The Julian day (jd) is computed from Gregorian day, month and year (d, m, y) as follows:
jd = ( 1461 * ( y + 4800 + ( m - 14 ) / 12 ) ) / 4 + ( 367 * ( m - 2 - 12 * ( ( m - 14 ) / 12 ) ) ) / 12 - ( 3 * ( ( y + 4900 + ( m - 14 ) / 12 ) / 100 ) ) / 4 + d - 32075
Division is to be understood as in integer arithmetic, with the remainders discarded.
Converting from the Julian day to the Gregorian day is performed thus:
l = jd + 68569 n = ( 4 * l ) / 146097 l = l - ( 146097 * n + 3 ) / 4 i = ( 4000 * ( l + 1 ) ) / 1461001 (that's 1,461,001) l = l - ( 1461 * i ) / 4 + 31 j = ( 80 * l ) / 2447 d = l - ( 2447 * j ) / 80 l = j / 11 m = j + 2 - ( 12 * l ) y = 100 * ( n - 49 ) + i + l (that's a lower-case L)

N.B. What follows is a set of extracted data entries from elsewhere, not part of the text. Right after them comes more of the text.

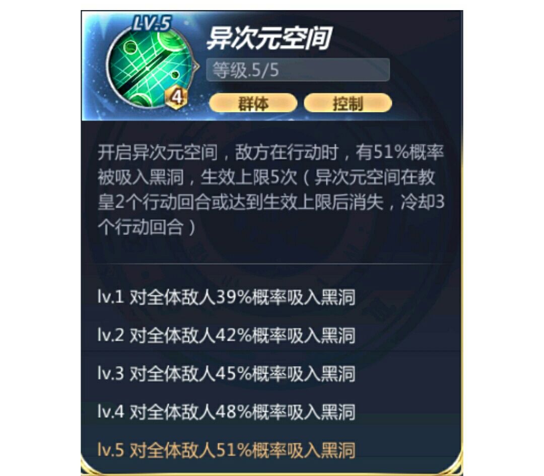 开启异次元空间,敌方在行动时,有39%(42%/45%/48%/51%)概率被吸入黑洞,生效上限5次(异次元空间在教皇2个行动回合或达到生效上限后消失,冷却2个行动回合)(异次元空间不可叠加)
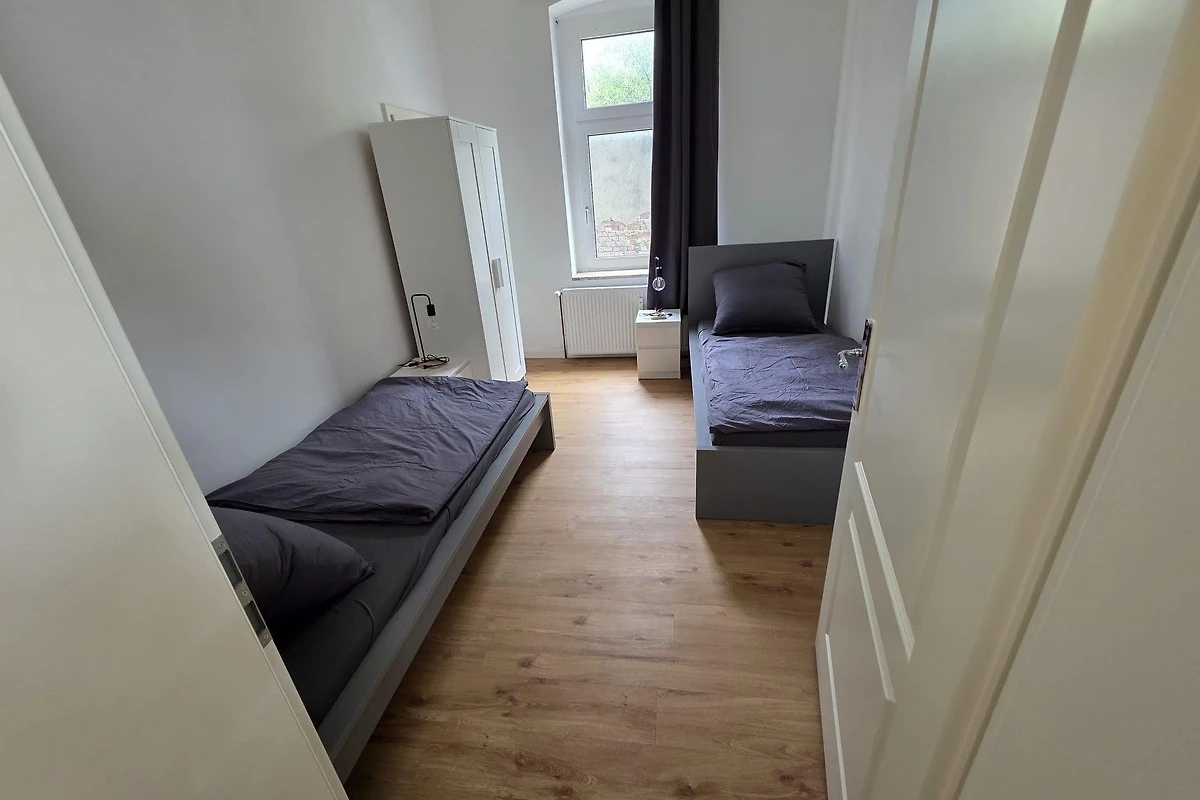Die Wohnung hat 3 Zimmer und ist mit 5 komfortablen Einzelbetten, Kleiderschränken, Stühlen und Tisch, W-Lan sowie TV eingerichtet.
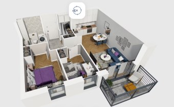Mieszkanie składające się z salonu z aneksem kuchennym , dwóch sypialni, przedpokoju, łazienki, oraz balkonu
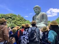 朝の集合時刻には、ゆとりをもって出発式を始められました。そして、日頃の心掛けの賜物でしょうか、予定より30分早く高徳院で鎌倉大仏を見学することができました。
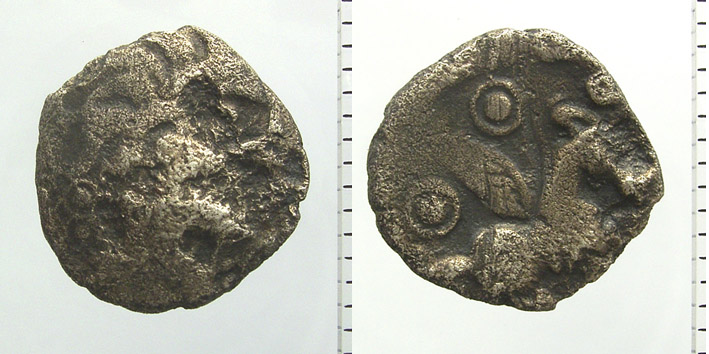 im Juli 2007 ersteigerte ich über ebay eine Silbermünze der Cantii, die zwar schon etwas von der Korossion angeknabbert war, aber damals noch ganz nett aussah (die Photos sind vom August 2007, jetzt kleingerechnet):

Days are integer values in the range 1-31, months are integers in the range 1-12, and years are positive or negative integers. This algorithm is valid only for dates from -4900-03-01 G onward when converting from a Julian day number to a date, or from -4800-03-01 G onward (when converting from a date to a Julian day number). It should be noted that these algorithms are valid only in the Gregorian Calendar and the Proleptic Gregorian Calendar (after the dates given above). They do not handle dates in the Julian Calendar.
This algorithm is implemented in two C functions in DATLIB, a library of C functions for converting and manipulating calendar dates.

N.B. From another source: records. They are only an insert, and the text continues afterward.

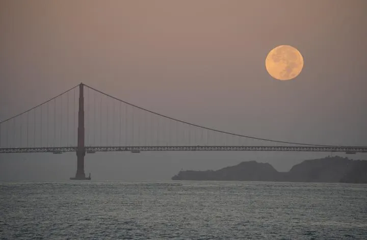 امریکہ کی  ریاست سان فرانسسکومیں گولڈن گیٹ برج پر پورے چاندکا منظر۔(شِنہوا)
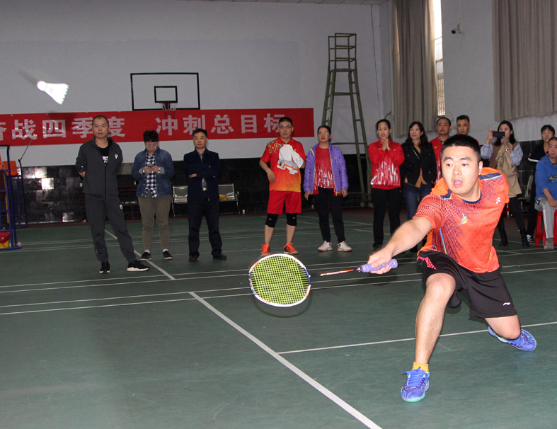 秦彦平宣布生材集团首届羽毛球比赛正式开始。随后,选手们各就各位,迅速进入比赛状态。
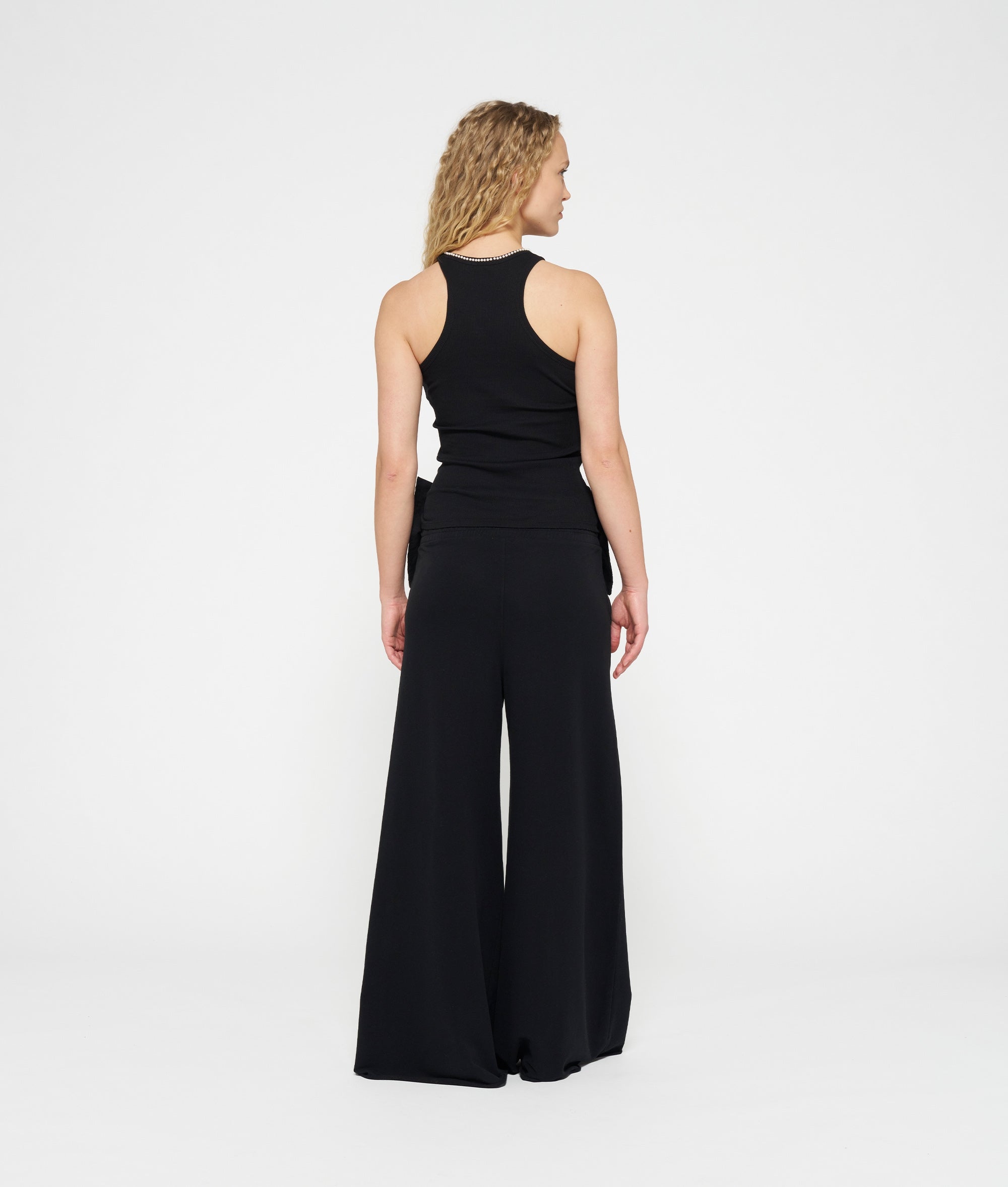 Relaxed fit wide leg joggers, made from soft cotton babyfleece. Featuring an elasticated waistband with cotton poplin bow at the front, slanted slit pockets, raw edge leg hems and a '10' monogram embroidery below the left slit pocket.

A completely different calendar date / Julian day number computational algorithm (developed by the present writer) is implemented as two other C functions in the same function library. This algorithm handles dates in the Julian Calendar as well as dates in the Gregorian Calendar. In addition it is valid for any calendar date with a year within the range of about -5,800,000 to about +5,800,000.
In each of these algorithms Julian day number 0 corresponds to -4713-11-24 G (= -4712-01-01 J).